Perfect beach, nice pig, minor glitch.

Conil to Zahora, 16 miles, Camping Pinar San José, €17 per night.

The sub-tropical Zahora beach
A few minutes after posting this photo an American friend enquired if we had flown to Florida. I think he was joking, but where we are staying does have a bit of a sub tropical vibe. Zahora is not really a village as such, but a cluster of villas, hostels and restaurants connected by a confusing tangle of narrow lanes behind a stunning white sand beach replete with wafting palms. 

There is so much to like here. The campsite is great, though situated a kilometre or so from the beach in pine woods. The pitches are large, each with water and emptying points. The sanitary blocks are new and beautifully maintained and it's got a big pool complete with a seriously under-worked life guard. The place is as much a bungalow park as a campsite which means it has enough off-season customers to keep a small supermarket going all year. It's a Coviran franchise so the prices are low and it is well stocked. 

 Camping Pinar San José - one of the best out of season sites we have stayed in.

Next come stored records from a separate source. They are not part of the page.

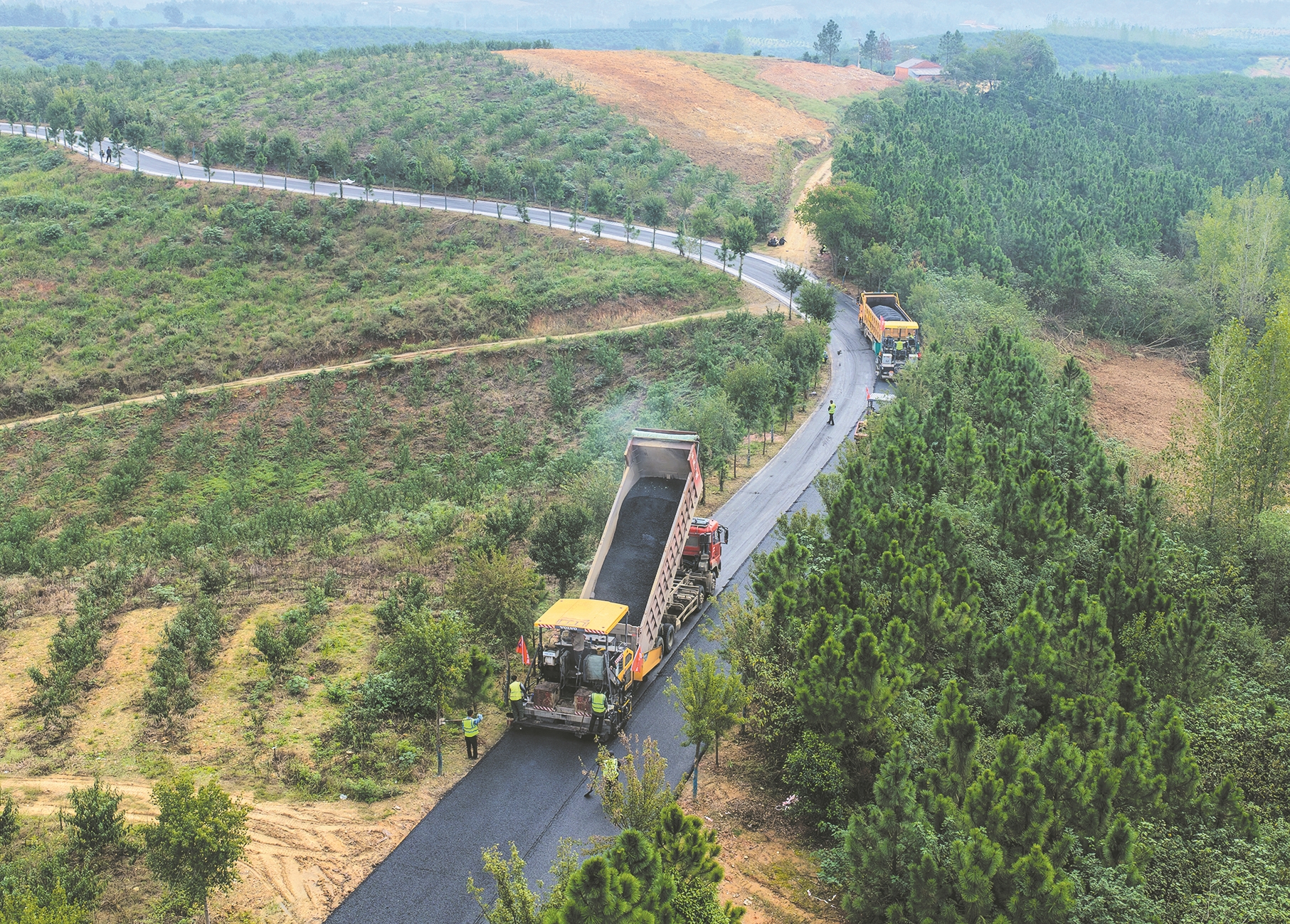 10月25日,工程车在枣阳市白龙路提档升级项目现场铺设沥青。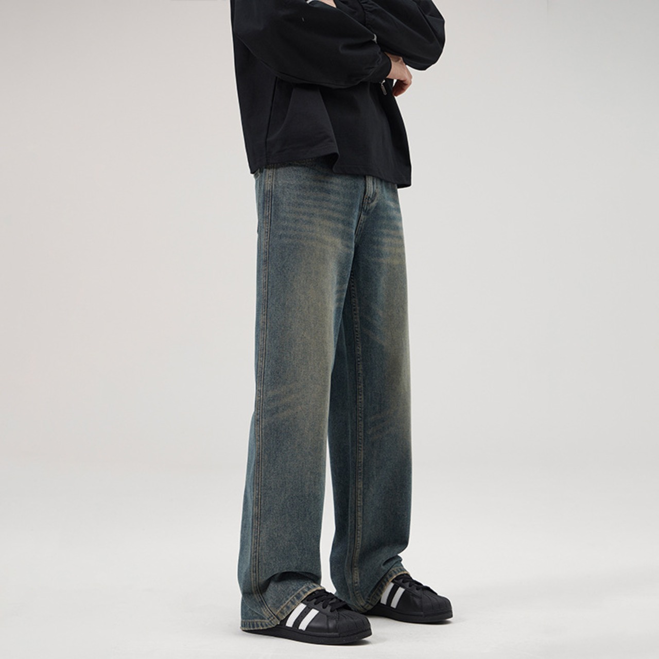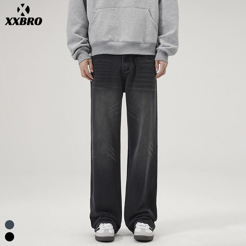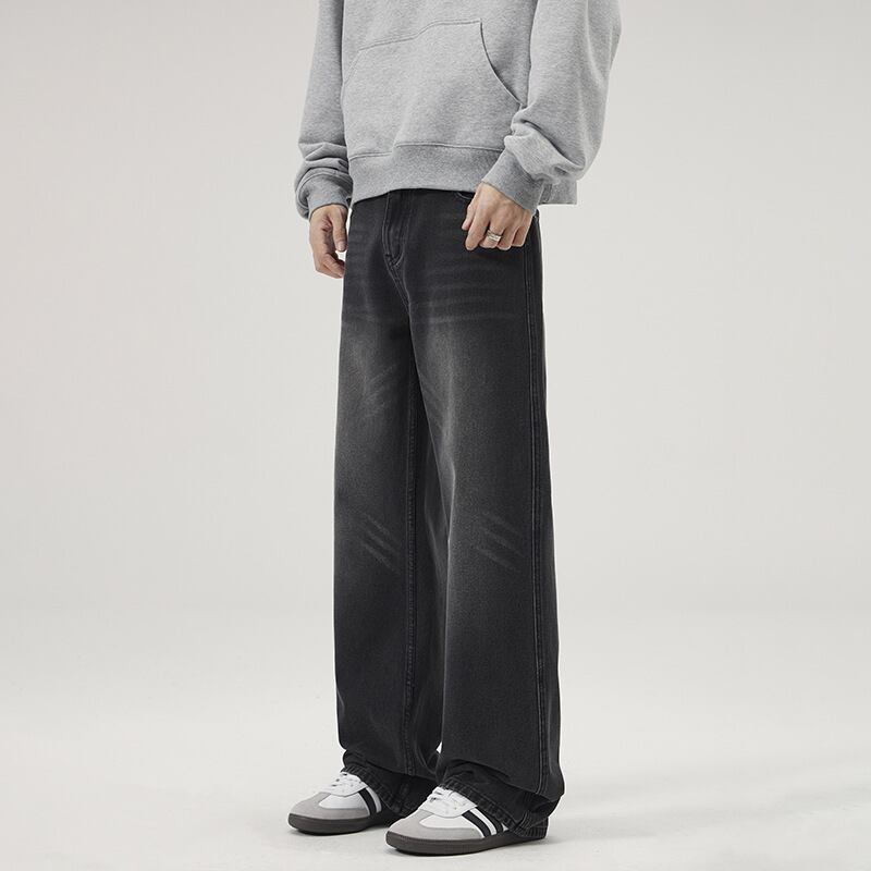 メンズ アメリカンレトジーンズ男子水洗いゆるいストレートパンツ348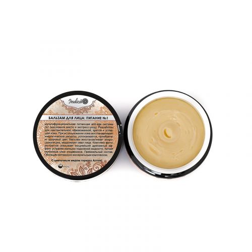 Бальзам Indica для лица «Питание №1» - мультифункциональная питающая anti-age система 2в1 (массажное масло и экспресс-уход). Бальзам разработан для чувствительной, обезвоженной, зрелой и уставшей кожи. В течение процедуры кожа восстанавливает свои энергетические ресурсы, успокаивается, приобретает здоровый цвет; восстанавливается микроциркуляция, моделируется овал лица. Это улучшенная формула бальзама «Восстановление и увлажнение», усиленная маслом макадамии с повышенным содержанием лецитина. Комплекс фитоэкстрактов оказывает мощнейший дренажный эффект, устраняя излишки подкожной жидкости, питает глубинные слои эпидермиса. Премиальный состав. Бальзам обогащён витаминно-минеральным комплексом. Состав: Цветочный мёд . Масла макадамии (австралийского ореха), виноградной косточки , миндальное масло, Ши . Косметическая основа « Липодерм био ». Верблюжье молоко. Коллоидное серебро . СО2 экстракты: крапивы двудомной, подорожника, хвоща. Отвар корня девясила, сабельника и розы. Эфирные масла: янтаря , пачули , розмарина , тимьяна. Витаминные комплексы групп В, Е. Применение: Нанести на лицо, шею, зону декольте, провести сеанс массажа, добавить немного бальзама, оставить на 10-15 минут как питательную маску. По завершении, снять остатки бальзама бумажным полотенцем, либо смыть. В домашних условиях применяется, как ночной питательный крем. Стоит отметить, что пользоваться бальзамом для лица Indica «Питание №1» очень удобно – он легко смывается тёплой водой, не оставляя на коже масляной плёнки.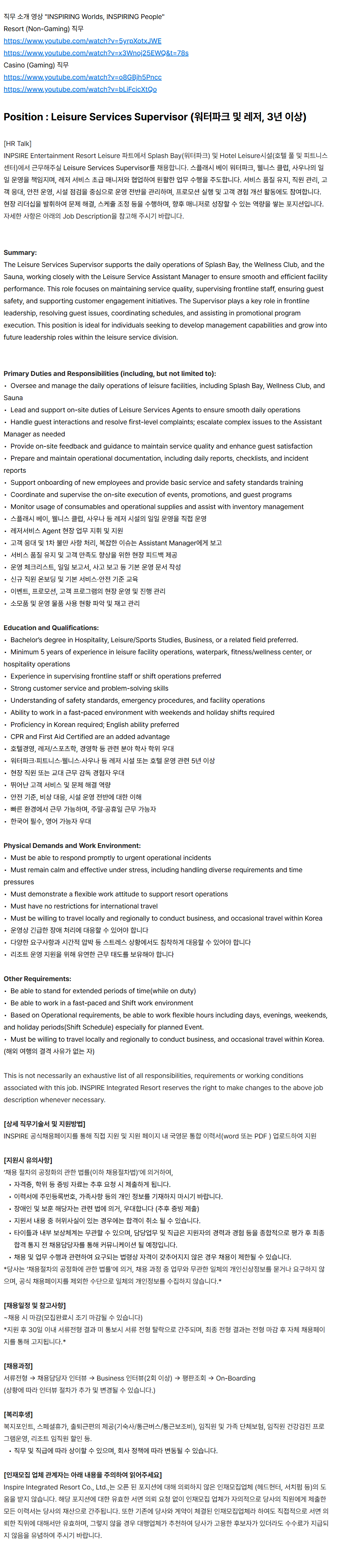 This is not necessarily an exhaustive list of all responsibilities, requirements or working conditions associated with this job. INSPIRE Integrated Resort reserves the right to make changes to the above job description whenever necessary.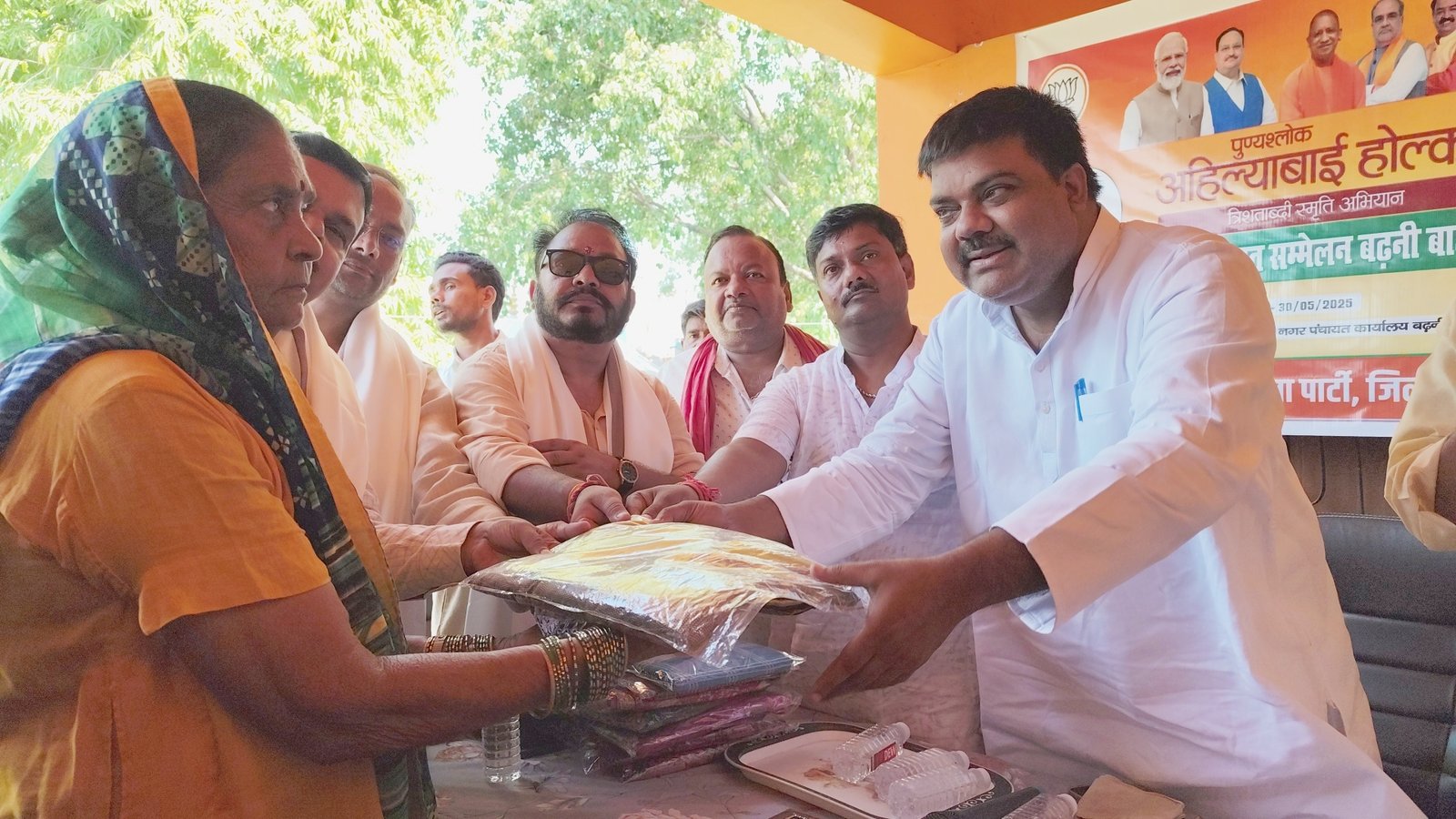 नगर पंचायत की ओर से सभी आगंतुकों को स्मृति चिन्ह और प्रसाद वितरित किया गया। वहीं महिला शक्ति को गर्व का अहसास कराने के लिए उन्हें साड़ी भेंट की गई।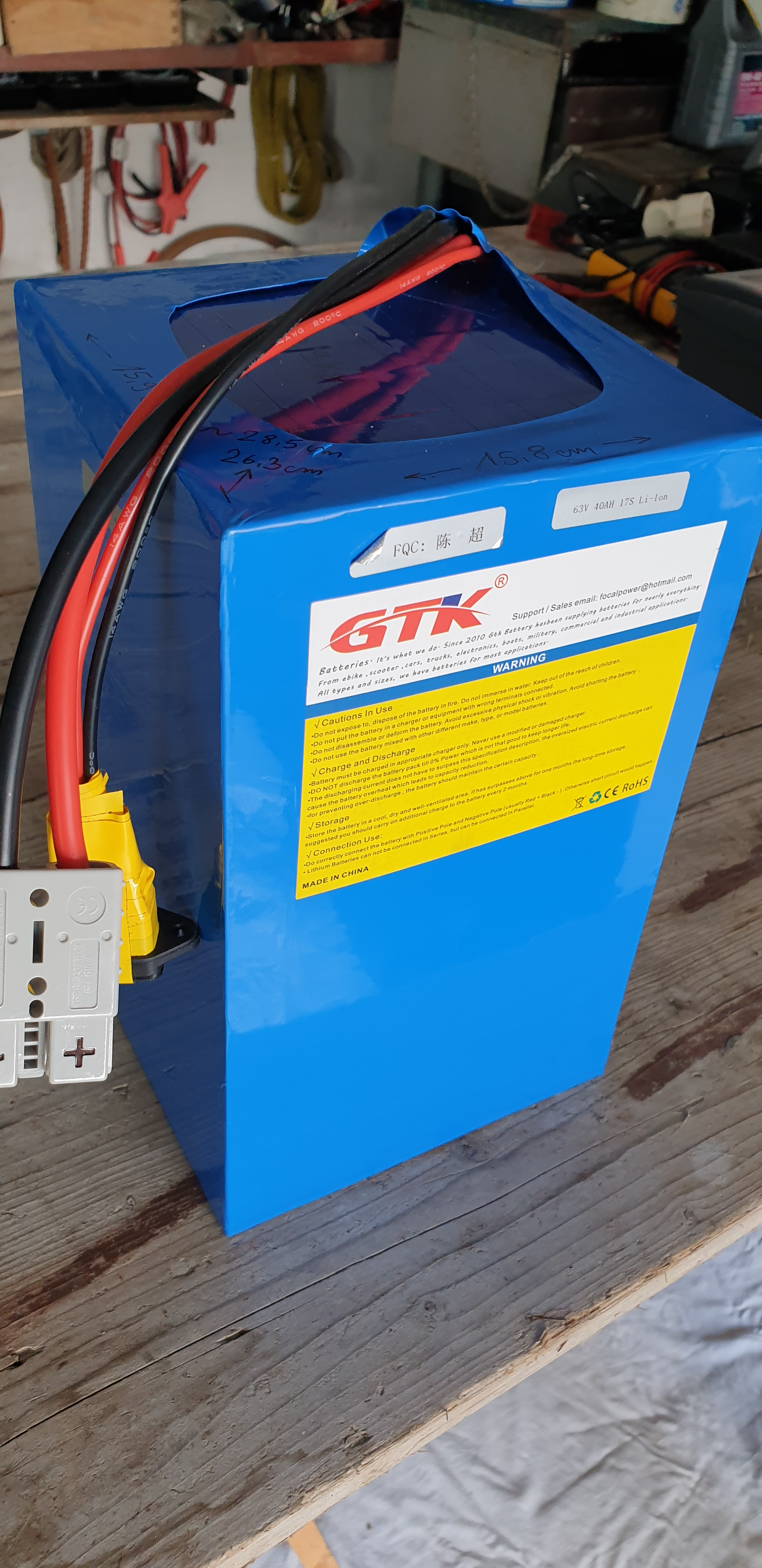 für 438,29€ incl. ALLEN Steuern und Gebühren. 17S 62,9V 40Ah. Er wiegt 10,9 Kg. Die Maße sind LXBXH 159 X 158 X 285 mm. Wollte ursprünglich einen LIFEPO4 Akku haben - jedoch hat es mit den Maßen nicht gepasst. Die Maßen scheinen bei Ali - GTK Akkus wohl nicht immer zu stimmen. Bei mir hat´s dann doch gepasst. Um noch mehr mögliche Ladezyklen zu bekommen - den Akku Verschleiß zu mindern, lade ich den Akku nur jedes ~ 30igste mal ganz voll - ansonsten nur zu ca. 90% voll mittels Ladespannungs Absenkung.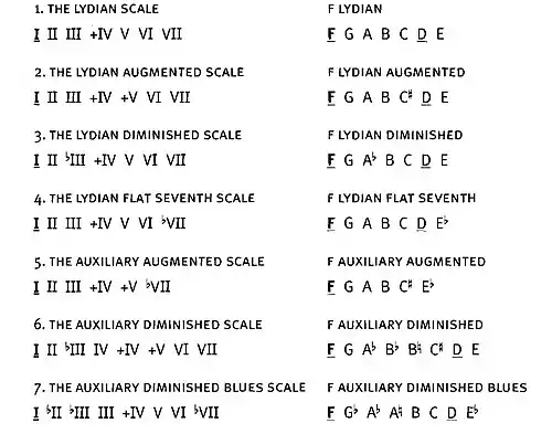 - Russell, George (1953) "Lydian Chromatic Concept of Tonal Organization". Ed. Brookline, Massachusetts, 2001. Concept Publishing Company ISBN 0-9703739-0-2
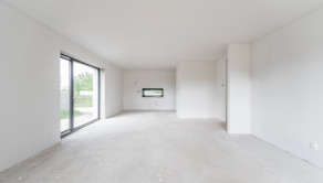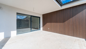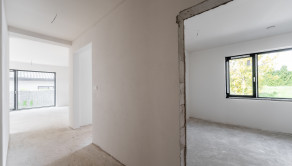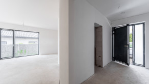 Dom ponúka praktické a funkčné riešenie interiéru s jasne oddelenou dennou a nočnou časťou. Denná časť pozostáva z otvorenej kuchyne prepojenej s jedálenskou a obývacou časťou, s výstupom na priestrannú krytú terasu o výmere 27 m². Nočnú časť tvoria tri spálne kde hlavná spálňa má svoju vlastnú kúpeľnu s toaletou, ďalšia kúpeľňa, technická miestnosť a samostatná toaleta. Dom je presvetlený vďaka veľkoformátovým oknám a otvoreným priestorom, čo vytvára pocit vzdušnosti a elegancie.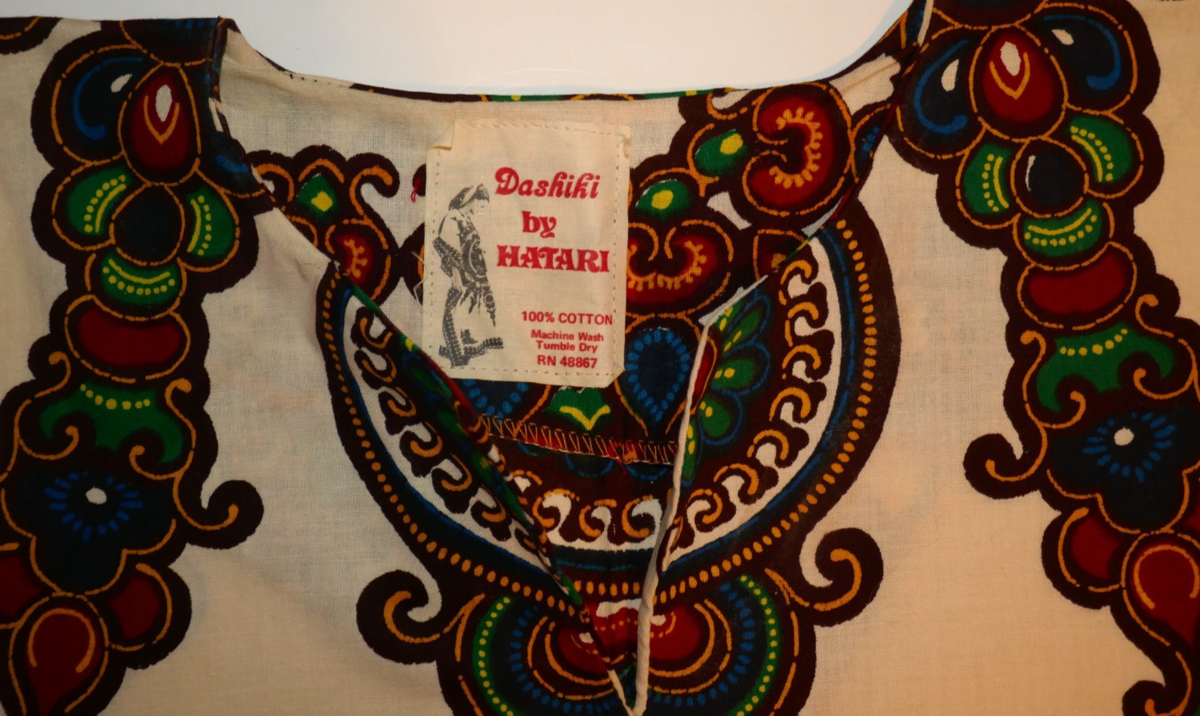 The Dashiki by Hatari Kaftan is a stylish and comfortable piece perfect for casual occasions. This measures approx. 44" from end to end and 21/5" from shoulder to bottom hem with a few small spots on the back. Made from 100% cotton, this kaftan features a round neckline, pullover closure, and a relaxed fit. The multicolor tribal print adds a unique ethnic touch to the design, making it a standout piece in your wardrobe. With its lightweight material and basic style, this kaftan is ideal for wearing in the summer or spring seasons.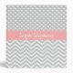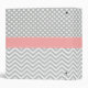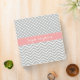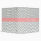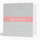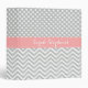 A cute personalized binder with light grey polka dot and chevron patterns and a coral pink ribbon design. Pretty and elegant.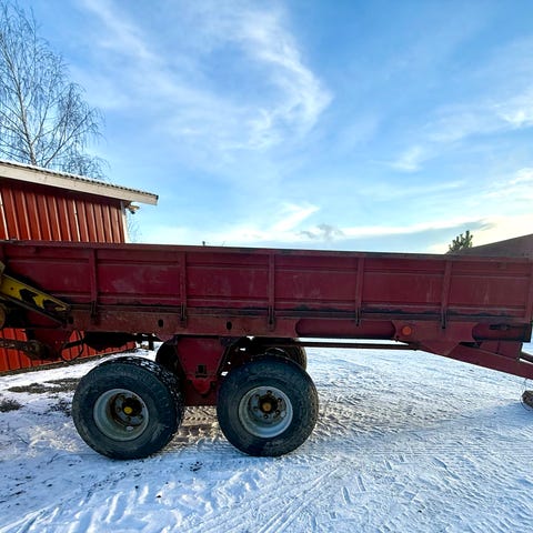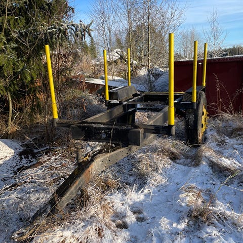 Rankakärry.pohja ollut aikoinaan vaneria ja purettu pois, viime vuosina ajettu rankoja mettästä. Ollut mf 35 perässä. Lavan pituus 270cm (koko pituus 380cm) laitojen kork.38cm. Lev 180cm. Takalaita löytyy mukaan.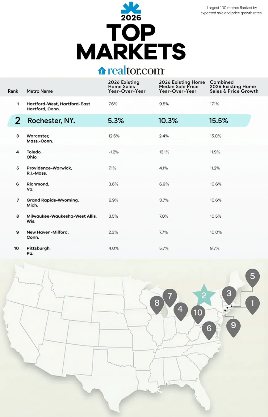 15.5% combined growth, placing Rochester just behind Hartford and ahead of markets like Worcester, Providence, and Richmond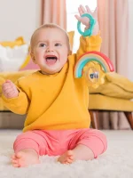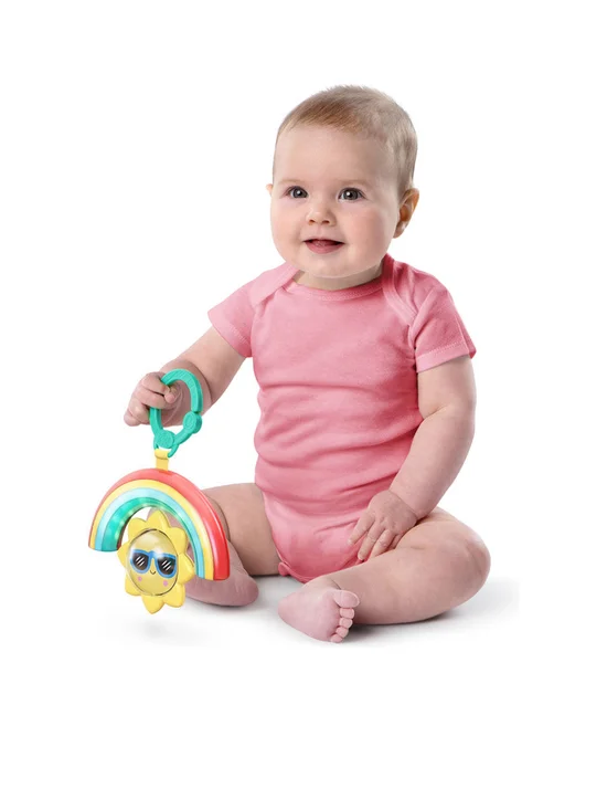 Catch your baby’s eye and keep her attention with the Sun Shaker by BRIGHT STARTS! You’ll delight your infant with cause-and-effect surprises like the light-up rainbow and cheerful tunes.

Often it is not the practicalities of a place but its quirks which stick in the memory. In this regard Camping Pinar San José will forever, for us, be the place of the pig. We had hardly settled into our pitch by the perimeter fence next to the woods, when we heard a snuffling sound. Somewhat incredulously, Gill observed, "Pete, I think I can see a pig." Indeed, this was no hallucination; mooching about beneath the umbrella pines was a large black pig. He was very handsome and extremely sociable, visiting us morning and evening. Gill's pig pictures on Whatsapp and Instagram proved a bit of a hit; he became a well loved pig.

Our porcine companiom
quite tame



and partial to carrots
Zahora is only about three kilometres or so from the protected dunes and coastal hills that form Cabo Trafalgar. Aside from the historical interest for British visitors, the littoral is very interesting. The Cape itself is a sandstone islet now permanently moored to the shore by two sand bars. The information board called this a 'tombola' which I suppose must be Spanish for isthmus. There were waders to watch in the shallow reedy lakes that have formed in the hinterland and a well trodden route over the soft sand up to the handsome lighthouse on the Cape itself. It's not a long walk, but a hard slog because of the soft sand. 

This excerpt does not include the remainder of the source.